● WHAT THE EXERCISE ASKS:
The full listing, excluding its pictures, should be printed exactly as it stands.

============

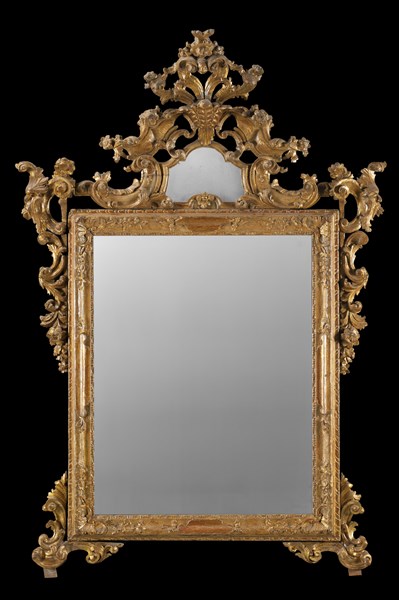 Specchiera in legno intagliato e dorato. Fregi a volute e fiori. Cimasa traforata centrata da cartella con specchio. Secolo XVIII (cm 122x164) (difetti e restauri)
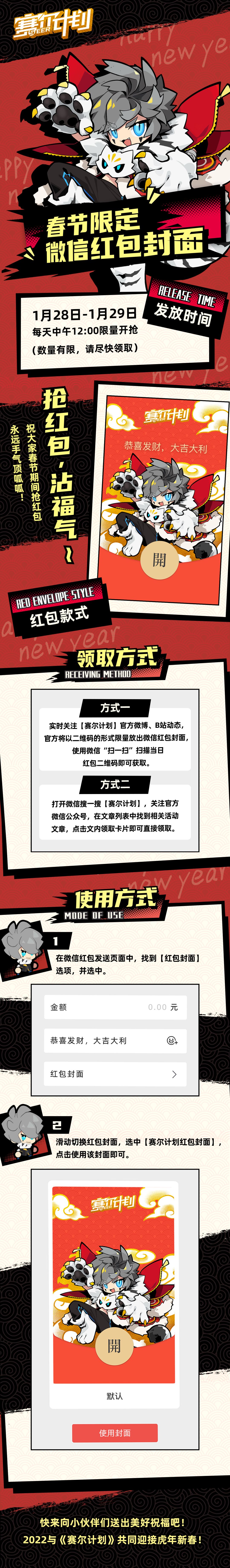 1月28日、1月29日,每日中午12:00,实时关注【赛尔计划】官方动态,官方将以二维码形式限量放出微信红包封面3000份,使用微信“扫一扫”扫描当日红包二维码即可获取,数量有限,领完为止。微信红包封面有效期3个月。
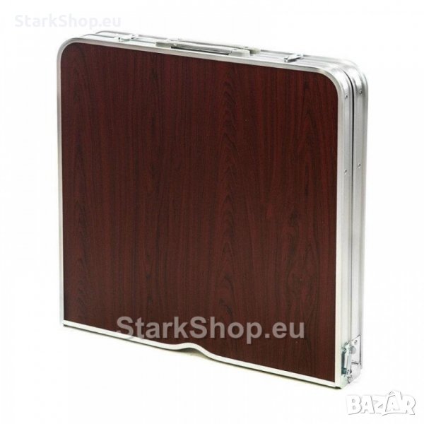 Сгъваема маса за къмпинг със столове (4 стола) и отвор за чадър. Столчетата не са прикрепени към масата, което дава възможност да се използват самостоятелно. Компактен, лек и удобен комплект, подходящ за къмпинг, риболов и пикник. Масата се сгъва, a столчета, които се прибират в нея, не заемат много място и лесно се пренасят.
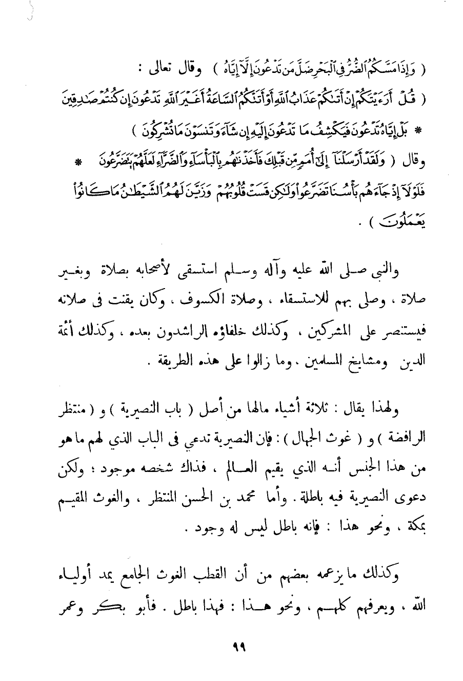 {وَإِذَا مَسَّكُمُ الضُّرُّ فِي الْبَحْرِ ضَلَّ مَنْ تَدْعُونَ إلَّا إيَّاهُ} وَقَالَ تَعَالَى: {قُلْ أَرَأَيْتَكُمْ إنْ أَتَاكُمْ عَذَابُ اللَّهِ أَوْ أَتَتْكُمُ السَّاعَةُ أَغَيْرَ اللَّهِ تَدْعُونَ إنْ كُنْتُمْ صَادِقِينَ} {بَلْ إيَّاهُ تَدْعُونَ فَيَكْشِفُ مَا تَدْعُونَ إلَيْهِ إنْ شَاءَ وَتَنْسَوْنَ مَا تُشْرِكُونَ} وَقَالَ {وَلَقَدْ أَرْسَلْنَا إلَى أُمَمٍ مِنْ قَبْلِكَ فَأَخَذْنَاهُمْ بِالْبَأْسَاءِ وَالضَّرَّاءِ لَعَلَّهُمْ يَتَضَرَّعُونَ} {فَلَوْلَا إذْ جَاءَهُمْ بَأْسُنَا تَضَرَّعُوا وَلَكِنْ قَسَتْ قُلُوبُهُمْ وَزَيَّنَ لَهُمُ الشَّيْطَانُ مَا كَانُوا يَعْمَلُونَ} . وَالنَّبِيُّ صَلَّى اللَّهُ عَلَيْهِ وَآلِهِ وَسَلَّمَ اسْتَسْقَى لِأَصْحَابِهِ بِصَلَاةِ وَبِغَيْرِ صَلَاةٍ وَصَلَّى بِهِمْ لِلِاسْتِسْقَاءِ وَصَلَاةَ الْكُسُوفِ وَكَانَ يَقْنُتُ فِي صَلَاتِهِ فَيَسْتَنْصِرُ عَلَى الْمُشْرِكِينَ وَكَذَلِكَ خُلَفَاؤُهُ الرَّاشِدُونَ بَعْدَهُ وَكَذَلِكَ أَئِمَّةُ الدِّينِ وَمَشَايِخُ الْمُسْلِمِينَ وَمَا زَالُوا عَلَى هَذِهِ الطَّرِيقَةِ. وَلِهَذَا يُقَالُ: ثَلَاثَةُ أَشْيَاءَ مَا لَهَا مِنْ أَصْلٍ (بَابُ الْنُصَيْرِيَّة و (مُنْتَظَرُ الرَّافِضَةِ و (غَوْثُ الْجُهَّالِ: فَإِنَّ الْنُصَيْرِيَّة تَدَّعِي فِي الْبَابِ الَّذِي لَهُمْ مَا هُوَ مِنْ هَذَا الْجِنْسِ أَنَّهُ الَّذِي يُقِيمُ الْعَالَمَ فَذَاكَ شَخْصُهُ مَوْجُودٌ؛ وَلَكِنَّ دَعْوَى الْنُصَيْرِيَّة فِيهِ بَاطِلَةٌ. وَأَمَّا مُحَمَّدُ بْنُ الْحَسَنِ الْمُنْتَظَرُ وَالْغَوْثُ الْمُقِيمُ بِمَكَّةَ وَنَحْوُ هَذَا: فَإِنَّهُ بَاطِلٌ لَيْسَ لَهُ وُجُودٌ. وَكَذَلِكَ مَا يَزْعُمُهُ بَعْضُهُمْ مِنْ أَنَّ الْقُطْبَ الْغَوْثَ الْجَامِعَ يَمُدُّ أَوْلِيَاءَ اللَّهِ وَيَعْرِفُهُمْ كُلَّهُمْ وَنَحْوَ هَذَا؛ فَهَذَا بَاطِلٌ. فَأَبُو بَكْرٍ وَعُمَرُ
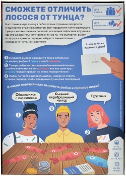 Настольная игра “Чешуя себе” полна странных вопросов и ещё более странных ответов. Вам предстоит найти одинокого тунца в косяке лживых лососей, исключив пафосных врунишек одного за другим. Получайте очки за то, что выловили рыбок из пруда в нужном порядке, и будьте внимательны – иногда они не то, чем кажутся!
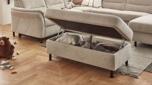 • Die Abbildung zeigt ein Wohnbeispiel, welches auch Dekoration sowie separat erhältliches Zubehör enthält. Im Lieferumfang enthalten ist ein Einsitzer-Kombielement mit Anstellhocker links, ein 2,5-Sitzer-Zwischenelement ohne Armlehnen und ein Canapé mit Armlehne rechts.
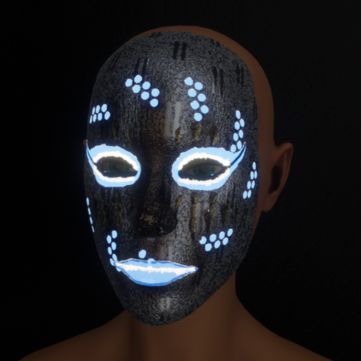 Glow in the Dark Facie Blue can be worn on any avatar. SEE other FREE #Golden Halloween Mask# IN MY STORE. Just see all my items in my experience: https://atlas.sansar.com/experiences/acpixl/acpixl-animation-avatar-store
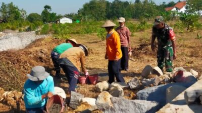 PIRNAS.COM | Sragen – Sertu Sunarto Babinsa Desa Blimbing anggota Koramil 08/ Sambirejo Kodim 0725/Sragen bahu-membahu melaksanakan gotong-royong pembuatan tanggul penahan jalan di dk Bangun rejo Rt 01 Ds Blimbing Kec Sambirejo, Kamis ( 27/07/2023 )
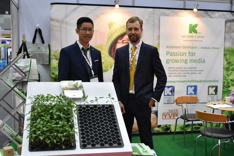 Michal Hwang & Bert Desmet showing the Growcoon on behalf of Klassman-Deilman. The Growcoon was recently tested on commercial scale by two Australian growers and after investing in the Dispenser they are expected to grow with the plug on larger scale. Also in Taiwan, Japan and China the plug is gaining ground.

============

● WRITTEN RESPONSE:
 Specchiera in legno intagliato e dorato. Fregi a volute e fiori. Cimasa traforata centrata da cartella con specchio. Secolo XVIII (cm 122x164) (difetti e restauri)
 1月28日、1月29日,每日中午12:00,实时关注【赛尔计划】官方动态,官方将以二维码形式限量放出微信红包封面3000份,使用微信“扫一扫”扫描当日红包二维码即可获取,数量有限,领完为止。微信红包封面有效期3个月。
 Сгъваема маса за къмпинг със столове (4 стола) и отвор за чадър. Столчетата не са прикрепени към масата, което дава възможност да се използват самостоятелно. Компактен, лек и удобен комплект, подходящ за къмпинг, риболов и пикник. Масата се сгъва, a столчета, които се прибират в нея, не заемат много място и лесно се пренасят.
 {وَإِذَا مَسَّكُمُ الضُّرُّ فِي الْبَحْرِ ضَلَّ مَنْ تَدْعُونَ إلَّا إيَّاهُ} وَقَالَ تَعَالَى: {قُلْ أَرَأَيْتَكُمْ إنْ أَتَاكُمْ عَذَابُ اللَّهِ أَوْ أَتَتْكُمُ السَّاعَةُ أَغَيْرَ اللَّهِ تَدْعُونَ إنْ كُنْتُمْ صَادِقِينَ} {بَلْ إيَّاهُ تَدْعُونَ فَيَكْشِفُ مَا تَدْعُونَ إلَيْهِ إنْ شَاءَ وَتَنْسَوْنَ مَا تُشْرِكُونَ} وَقَالَ {وَلَقَدْ أَرْسَلْنَا إلَى أُمَمٍ مِنْ قَبْلِكَ فَأَخَذْنَاهُمْ بِالْبَأْسَاءِ وَالضَّرَّاءِ لَعَلَّهُمْ يَتَضَرَّعُونَ} {فَلَوْلَا إذْ جَاءَهُمْ بَأْسُنَا تَضَرَّعُوا وَلَكِنْ قَسَتْ قُلُوبُهُمْ وَزَيَّنَ لَهُمُ الشَّيْطَانُ مَا كَانُوا يَعْمَلُونَ} . وَالنَّبِيُّ صَلَّى اللَّهُ عَلَيْهِ وَآلِهِ وَسَلَّمَ اسْتَسْقَى لِأَصْحَابِهِ بِصَلَاةِ وَبِغَيْرِ صَلَاةٍ وَصَلَّى بِهِمْ لِلِاسْتِسْقَاءِ وَصَلَاةَ الْكُسُوفِ وَكَانَ يَقْنُتُ فِي صَلَاتِهِ فَيَسْتَنْصِرُ عَلَى الْمُشْرِكِينَ وَكَذَلِكَ خُلَفَاؤُهُ الرَّاشِدُونَ بَعْدَهُ وَكَذَلِكَ أَئِمَّةُ الدِّينِ وَمَشَايِخُ الْمُسْلِمِينَ وَمَا زَالُوا عَلَى هَذِهِ الطَّرِيقَةِ. وَلِهَذَا يُقَالُ: ثَلَاثَةُ أَشْيَاءَ مَا لَهَا مِنْ أَصْلٍ (بَابُ الْنُصَيْرِيَّة و (مُنْتَظَرُ الرَّافِضَةِ و (غَوْثُ الْجُهَّالِ: فَإِنَّ الْنُصَيْرِيَّة تَدَّعِي فِي الْبَابِ الَّذِي لَهُمْ مَا هُوَ مِنْ هَذَا الْجِنْسِ أَنَّهُ الَّذِي يُقِيمُ الْعَالَمَ فَذَاكَ شَخْصُهُ مَوْجُودٌ؛ وَلَكِنَّ دَعْوَى الْنُصَيْرِيَّة فِيهِ بَاطِلَةٌ. وَأَمَّا مُحَمَّدُ بْنُ الْحَسَنِ الْمُنْتَظَرُ وَالْغَوْثُ الْمُقِيمُ بِمَكَّةَ وَنَحْوُ هَذَا: فَإِنَّهُ بَاطِلٌ لَيْسَ لَهُ وُجُودٌ. وَكَذَلِكَ مَا يَزْعُمُهُ بَعْضُهُمْ مِنْ أَنَّ الْقُطْبَ الْغَوْثَ الْجَامِعَ يَمُدُّ أَوْلِيَاءَ اللَّهِ وَيَعْرِفُهُمْ كُلَّهُمْ وَنَحْوَ هَذَا؛ فَهَذَا بَاطِلٌ. فَأَبُو بَكْرٍ وَعُمَرُ
 Настольная игра “Чешуя себе” полна странных вопросов и ещё более странных ответов. Вам предстоит найти одинокого тунца в косяке лживых лососей, исключив пафосных врунишек одного за другим. Получайте очки за то, что выловили рыбок из пруда в нужном порядке, и будьте внимательны – иногда они не то, чем кажутся!
 • Die Abbildung zeigt ein Wohnbeispiel, welches auch Dekoration sowie separat erhältliches Zubehör enthält. Im Lieferumfang enthalten ist ein Einsitzer-Kombielement mit Anstellhocker links, ein 2,5-Sitzer-Zwischenelement ohne Armlehnen und ein Canapé mit Armlehne rechts.
 Glow in the Dark Facie Blue can be worn on any avatar. SEE other FREE #Golden Halloween Mask# IN MY STORE. Just see all my items in my experience: https://atlas.sansar.com/experiences/acpixl/acpixl-animation-avatar-store
 PIRNAS.COM | Sragen – Sertu Sunarto Babinsa Desa Blimbing anggota Koramil 08/ Sambirejo Kodim 0725/Sragen bahu-membahu melaksanakan gotong-royong pembuatan tanggul penahan jalan di dk Bangun rejo Rt 01 Ds Blimbing Kec Sambirejo, Kamis ( 27/07/2023 )
 Michal Hwang & Bert Desmet showing the Growcoon on behalf of Klassman-Deilman. The Growcoon was recently tested on commercial scale by two Australian growers and after investing in the Dispenser they are expected to grow with the plug on larger scale. Also in Taiwan, Japan and China the plug is gaining ground.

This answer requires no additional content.